Мэри помогала своим ученикам понять разницу между движением, которое направляет Эго («Я двигаюсь»), и движением, которое исходит из бессознательного («Меня двигают»). Она говорила о трудностях, которые могут возникнуть, у человека, имеющего совершенно односторонний опыт. Например, некоторые люди отрезаны от бессознательного. Больше всего им нравятся запланированные, структурированные упражнения. «Я двигаюсь» – это все, что они знают. Другая крайность – те, кто проживает свою жизнь в туманной дымке бессознательного. Возможно, эти люди и способны к импровизации, но к размытой, необычно бестелесной, как будто танцующего нет, а импровизация развивается сама по себе. Единственный известный им опыт – «Меня двигают» (Whitehouse, 1958, p. 11–13). Она подчеркивала необходимость развивать оба аспекта. Она понимала, что творческий процесс должен охватывать как сознательное, так и бессознательное.

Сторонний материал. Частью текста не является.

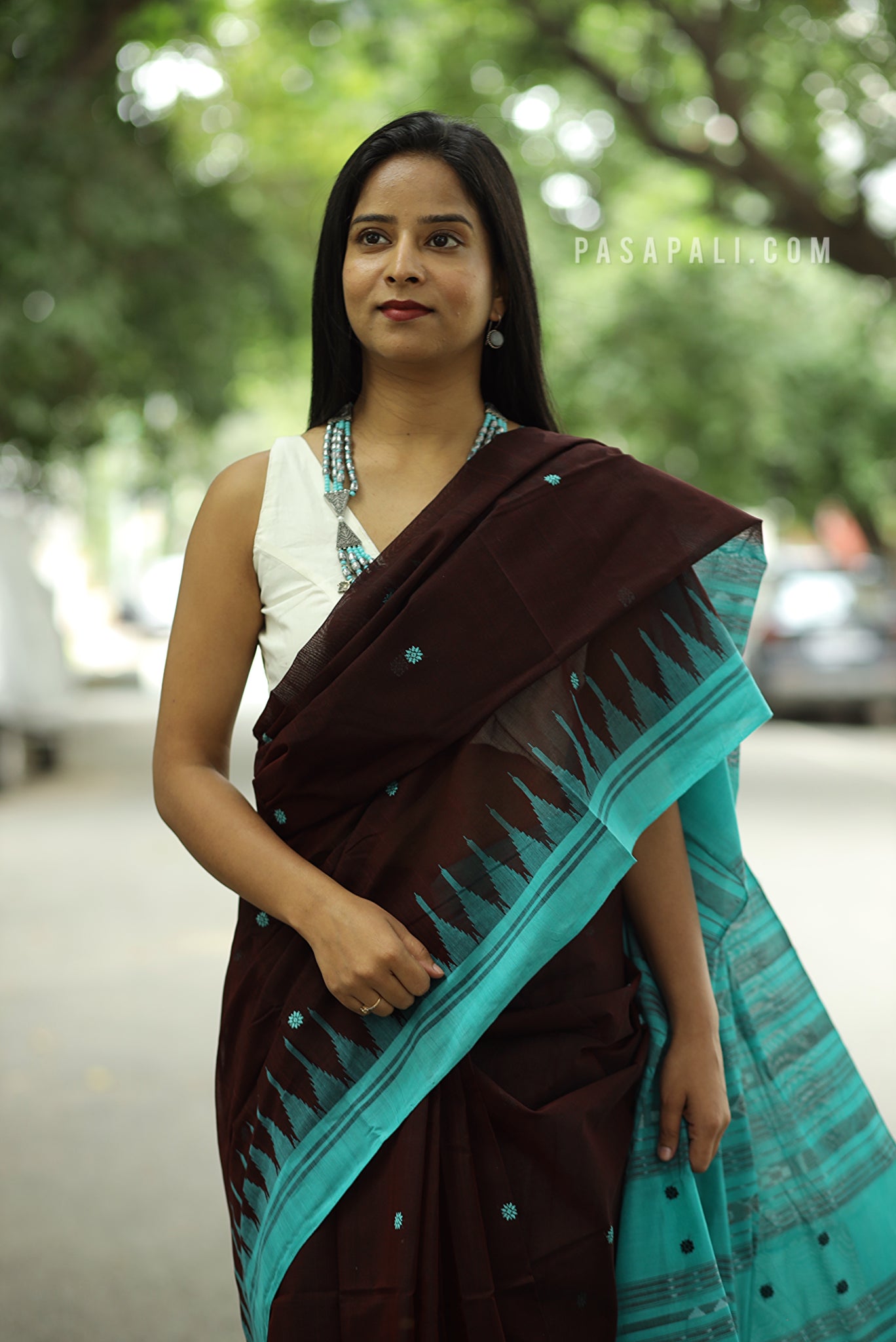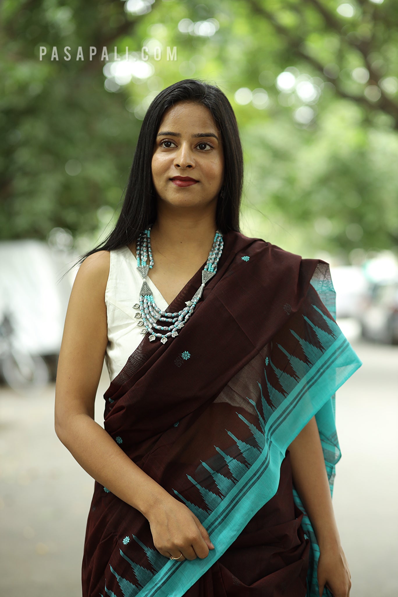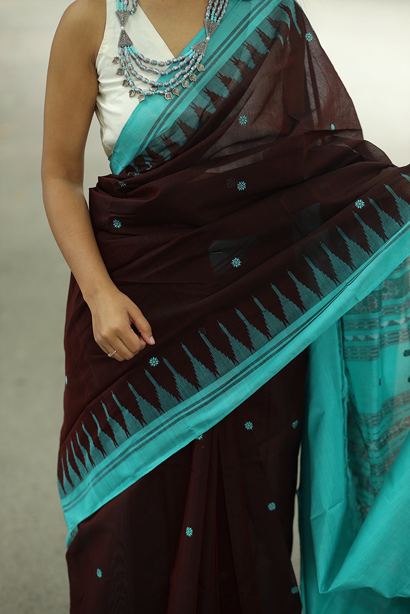 If you value heritage, authenticity, and artistry, this dark brown and teal Sambalpuri cotton saree is a masterpiece worth owning—versatile enough for everyday elegance yet rich enough for special occasions.

«В сердцевине двигательного опыта – ощущение того, как двигаться самостоятельно и как быть движимым. Есть много причин, чтобы утверждать это. В идеале оба ощущения существуют в одно мгновенье, и это на самом деле может быть буквально в одно мгновение. Это момент абсолютного осознания, совпадение того, что я делаю и что происходит со мной. Его нельзя предвидеть, нельзя объяснить, нельзя достичь специально, нельзя повторить в точности».

    (Whitehouse, 1958, p. 4)

В одной из своих лекций она рассуждала об истоках импульса движения:

«Откуда берется движение? Оно рождается… в особом внутреннем импульсе, который обладает качеством ощущения. Данный импульс направляется во внешнее пространство, и, таким образом, мы наблюдаем за движением как физическим действием. Следование за внутренним ощущением, позволяющим импульсу принять форму физического действия, есть активное воображение в движении, равно как следование за визуальным образом есть активное воображение в фантазии. Именно здесь сознание получает доступ к самым драматическим психофизическим связям».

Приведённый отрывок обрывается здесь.